Above-mentioned Spark Streaming components, which are one, carries out real-time streaming data the Stream Processing that height is handled up, height is fault-tolerantSystem can carry out multiple data sources (such as Kafka, Flume, Twitter) the complicated behaviour such as similar Map, Reduce and JoinMake, and result is saved in foreign file system.
Above-mentioned MLbase components are the components being absorbed in Spark platforms for machine learning, include in the component commonMachine learning algorithm and using program, including classifying, returning, clustering, collaborative filtering etc..
Above-mentioned GraphX components can be the API for figure and figure parallel computation in Spark platforms.
The processing method of real-time streaming data provided herein is to carry out Function Extension to above-mentioned Spark SQL components,For example increase the function of the resolution unit in Spark SQL components, increase Stream SQL units in Spark SQL components,So as to increase the function of being handled real-time streaming data so that user can be original to platform in realization by class SQL statementExternal structurant data processing processing while, also the real-time streaming data received is handled.

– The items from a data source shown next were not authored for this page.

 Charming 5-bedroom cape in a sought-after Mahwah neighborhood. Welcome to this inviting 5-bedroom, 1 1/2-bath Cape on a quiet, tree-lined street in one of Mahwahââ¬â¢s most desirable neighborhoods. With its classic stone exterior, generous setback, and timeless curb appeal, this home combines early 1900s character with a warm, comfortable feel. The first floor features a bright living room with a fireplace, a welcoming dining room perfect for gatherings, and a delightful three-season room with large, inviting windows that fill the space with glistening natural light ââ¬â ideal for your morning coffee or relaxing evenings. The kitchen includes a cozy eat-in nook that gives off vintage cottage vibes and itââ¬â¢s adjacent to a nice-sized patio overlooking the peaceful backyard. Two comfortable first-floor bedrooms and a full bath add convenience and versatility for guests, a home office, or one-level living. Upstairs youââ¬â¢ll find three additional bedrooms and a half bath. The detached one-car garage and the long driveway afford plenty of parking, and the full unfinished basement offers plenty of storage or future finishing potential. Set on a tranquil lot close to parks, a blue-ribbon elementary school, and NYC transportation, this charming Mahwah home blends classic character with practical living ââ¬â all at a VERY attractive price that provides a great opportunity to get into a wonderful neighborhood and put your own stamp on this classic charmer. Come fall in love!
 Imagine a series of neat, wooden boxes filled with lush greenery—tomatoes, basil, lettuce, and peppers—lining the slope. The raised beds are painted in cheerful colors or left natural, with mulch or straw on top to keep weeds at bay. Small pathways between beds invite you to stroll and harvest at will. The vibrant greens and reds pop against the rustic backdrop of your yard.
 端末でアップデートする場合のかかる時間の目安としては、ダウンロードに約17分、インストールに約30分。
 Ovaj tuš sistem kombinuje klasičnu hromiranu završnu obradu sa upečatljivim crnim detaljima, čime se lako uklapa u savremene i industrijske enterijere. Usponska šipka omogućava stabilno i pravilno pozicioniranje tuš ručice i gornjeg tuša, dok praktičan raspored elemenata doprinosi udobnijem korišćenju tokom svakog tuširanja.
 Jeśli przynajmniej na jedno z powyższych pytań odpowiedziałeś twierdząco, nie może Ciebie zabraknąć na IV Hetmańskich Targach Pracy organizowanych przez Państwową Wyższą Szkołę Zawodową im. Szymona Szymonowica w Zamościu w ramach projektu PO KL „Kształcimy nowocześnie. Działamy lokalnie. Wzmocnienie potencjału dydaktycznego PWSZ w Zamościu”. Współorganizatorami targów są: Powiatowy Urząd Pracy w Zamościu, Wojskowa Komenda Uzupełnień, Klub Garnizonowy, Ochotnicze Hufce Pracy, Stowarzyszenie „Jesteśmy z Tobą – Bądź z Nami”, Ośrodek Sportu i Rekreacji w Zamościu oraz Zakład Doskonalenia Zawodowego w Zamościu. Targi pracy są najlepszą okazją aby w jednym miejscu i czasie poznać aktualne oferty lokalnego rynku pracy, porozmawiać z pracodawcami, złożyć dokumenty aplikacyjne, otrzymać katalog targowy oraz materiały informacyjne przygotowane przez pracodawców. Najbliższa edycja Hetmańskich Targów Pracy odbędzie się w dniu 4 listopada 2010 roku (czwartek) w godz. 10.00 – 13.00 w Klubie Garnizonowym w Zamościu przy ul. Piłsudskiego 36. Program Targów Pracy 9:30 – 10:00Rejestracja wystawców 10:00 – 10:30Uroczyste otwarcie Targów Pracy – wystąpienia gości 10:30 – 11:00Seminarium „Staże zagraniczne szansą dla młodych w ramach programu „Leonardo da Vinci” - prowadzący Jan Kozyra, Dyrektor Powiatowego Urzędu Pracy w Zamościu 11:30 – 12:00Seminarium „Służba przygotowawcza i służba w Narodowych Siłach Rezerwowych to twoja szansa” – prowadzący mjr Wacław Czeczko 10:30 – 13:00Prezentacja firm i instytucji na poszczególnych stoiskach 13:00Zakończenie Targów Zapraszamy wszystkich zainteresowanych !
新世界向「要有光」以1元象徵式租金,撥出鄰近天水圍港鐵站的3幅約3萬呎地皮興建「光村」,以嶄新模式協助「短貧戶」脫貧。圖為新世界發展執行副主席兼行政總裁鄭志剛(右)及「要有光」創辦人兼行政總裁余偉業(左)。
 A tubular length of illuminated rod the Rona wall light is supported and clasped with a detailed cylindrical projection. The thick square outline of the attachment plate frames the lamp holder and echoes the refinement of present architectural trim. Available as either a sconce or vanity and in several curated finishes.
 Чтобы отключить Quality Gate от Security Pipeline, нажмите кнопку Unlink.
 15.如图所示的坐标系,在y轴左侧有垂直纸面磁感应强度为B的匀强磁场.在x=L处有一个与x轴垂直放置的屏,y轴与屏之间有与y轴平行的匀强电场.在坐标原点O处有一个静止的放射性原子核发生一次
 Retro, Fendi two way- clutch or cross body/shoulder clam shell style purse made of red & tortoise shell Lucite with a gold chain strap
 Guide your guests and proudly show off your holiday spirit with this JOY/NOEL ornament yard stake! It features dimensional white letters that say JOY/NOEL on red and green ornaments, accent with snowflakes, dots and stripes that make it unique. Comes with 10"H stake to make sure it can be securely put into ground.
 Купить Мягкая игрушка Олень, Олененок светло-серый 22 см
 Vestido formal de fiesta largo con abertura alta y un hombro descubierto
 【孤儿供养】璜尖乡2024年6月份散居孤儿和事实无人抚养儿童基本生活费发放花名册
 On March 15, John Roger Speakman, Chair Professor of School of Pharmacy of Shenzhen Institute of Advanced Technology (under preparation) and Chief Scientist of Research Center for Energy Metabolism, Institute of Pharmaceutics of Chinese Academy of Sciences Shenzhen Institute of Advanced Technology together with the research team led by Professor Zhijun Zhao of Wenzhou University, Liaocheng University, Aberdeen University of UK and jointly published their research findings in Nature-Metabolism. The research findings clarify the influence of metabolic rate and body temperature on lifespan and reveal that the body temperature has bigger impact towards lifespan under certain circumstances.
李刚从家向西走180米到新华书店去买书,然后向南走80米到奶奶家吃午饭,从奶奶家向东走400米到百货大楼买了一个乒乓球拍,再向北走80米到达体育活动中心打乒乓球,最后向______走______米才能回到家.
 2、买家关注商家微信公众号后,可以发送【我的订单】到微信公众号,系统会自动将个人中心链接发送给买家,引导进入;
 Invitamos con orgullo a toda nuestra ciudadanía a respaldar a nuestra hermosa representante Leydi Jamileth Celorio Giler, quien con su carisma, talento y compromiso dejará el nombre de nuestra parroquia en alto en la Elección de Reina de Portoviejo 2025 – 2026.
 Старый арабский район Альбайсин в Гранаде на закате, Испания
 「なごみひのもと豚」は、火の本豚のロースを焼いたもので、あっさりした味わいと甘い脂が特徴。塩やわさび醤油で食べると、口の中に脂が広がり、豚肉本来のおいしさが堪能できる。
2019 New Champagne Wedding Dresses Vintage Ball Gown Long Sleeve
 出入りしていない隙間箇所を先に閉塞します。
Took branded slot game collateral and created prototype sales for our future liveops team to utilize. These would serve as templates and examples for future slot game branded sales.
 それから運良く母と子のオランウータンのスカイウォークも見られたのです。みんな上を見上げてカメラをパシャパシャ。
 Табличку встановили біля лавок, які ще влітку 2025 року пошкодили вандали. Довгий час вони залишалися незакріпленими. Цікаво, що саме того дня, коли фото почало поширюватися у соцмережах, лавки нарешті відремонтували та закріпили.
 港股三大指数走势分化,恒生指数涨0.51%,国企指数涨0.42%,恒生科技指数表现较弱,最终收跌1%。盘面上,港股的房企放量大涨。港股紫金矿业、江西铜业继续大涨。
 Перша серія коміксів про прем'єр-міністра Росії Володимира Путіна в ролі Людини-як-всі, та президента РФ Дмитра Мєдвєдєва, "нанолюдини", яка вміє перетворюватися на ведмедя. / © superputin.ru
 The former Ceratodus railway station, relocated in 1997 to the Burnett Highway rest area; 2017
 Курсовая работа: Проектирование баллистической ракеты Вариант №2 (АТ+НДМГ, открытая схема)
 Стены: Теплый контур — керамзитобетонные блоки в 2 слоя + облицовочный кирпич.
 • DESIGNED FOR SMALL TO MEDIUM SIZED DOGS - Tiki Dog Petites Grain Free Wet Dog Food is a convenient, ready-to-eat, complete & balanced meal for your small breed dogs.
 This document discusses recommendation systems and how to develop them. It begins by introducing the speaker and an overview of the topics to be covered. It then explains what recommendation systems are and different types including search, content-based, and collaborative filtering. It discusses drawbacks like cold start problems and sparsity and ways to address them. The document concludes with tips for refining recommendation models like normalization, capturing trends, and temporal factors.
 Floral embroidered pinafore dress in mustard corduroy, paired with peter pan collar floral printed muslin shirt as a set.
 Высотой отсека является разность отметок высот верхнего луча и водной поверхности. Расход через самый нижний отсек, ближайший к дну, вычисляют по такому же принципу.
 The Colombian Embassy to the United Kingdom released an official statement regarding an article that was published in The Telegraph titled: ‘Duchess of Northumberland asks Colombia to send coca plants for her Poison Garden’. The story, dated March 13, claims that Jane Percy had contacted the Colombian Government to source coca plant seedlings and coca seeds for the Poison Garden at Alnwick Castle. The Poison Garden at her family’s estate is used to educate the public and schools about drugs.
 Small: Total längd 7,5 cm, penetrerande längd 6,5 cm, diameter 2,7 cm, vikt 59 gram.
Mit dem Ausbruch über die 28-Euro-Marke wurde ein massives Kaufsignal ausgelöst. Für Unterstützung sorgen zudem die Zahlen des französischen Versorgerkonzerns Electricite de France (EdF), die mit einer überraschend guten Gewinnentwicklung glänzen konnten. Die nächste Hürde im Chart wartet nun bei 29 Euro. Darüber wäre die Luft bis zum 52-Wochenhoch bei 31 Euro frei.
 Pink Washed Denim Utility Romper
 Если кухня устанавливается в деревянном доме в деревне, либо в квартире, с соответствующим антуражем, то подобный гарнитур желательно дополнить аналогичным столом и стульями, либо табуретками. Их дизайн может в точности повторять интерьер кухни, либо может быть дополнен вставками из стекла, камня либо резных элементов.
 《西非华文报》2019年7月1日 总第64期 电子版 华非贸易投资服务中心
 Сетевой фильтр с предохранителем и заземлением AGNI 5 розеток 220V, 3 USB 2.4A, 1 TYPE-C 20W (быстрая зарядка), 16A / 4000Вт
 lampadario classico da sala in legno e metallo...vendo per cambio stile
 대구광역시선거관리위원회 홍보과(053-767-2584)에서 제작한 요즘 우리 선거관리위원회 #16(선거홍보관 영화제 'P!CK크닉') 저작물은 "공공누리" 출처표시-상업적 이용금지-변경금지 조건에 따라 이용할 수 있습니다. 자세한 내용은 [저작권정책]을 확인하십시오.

The Spark SQL components provided below the application are described in detail.
Referring to Fig. 2, Fig. 2 is a kind of schematic diagram of Spark SQL components shown in one exemplary embodiment of the application.
The Spark SQL components provided in the embodiment of the present application may include:Resolution unit, Spark SQL units andStream SQL units.
Wherein, above-mentioned resolution unit, for after class SQL control commands input by user are received, being controlled to the class SQLSystem order is parsed.Such SQL control command type is determined by parsing obtained critical field.If such SQL is controlledIt orders as primary Spark SQL control commands, then such SQL control command is sent to Spark SQL units.If such SQLControl command is streaming control commands, then such SQL control command is sent to Stream SQL units.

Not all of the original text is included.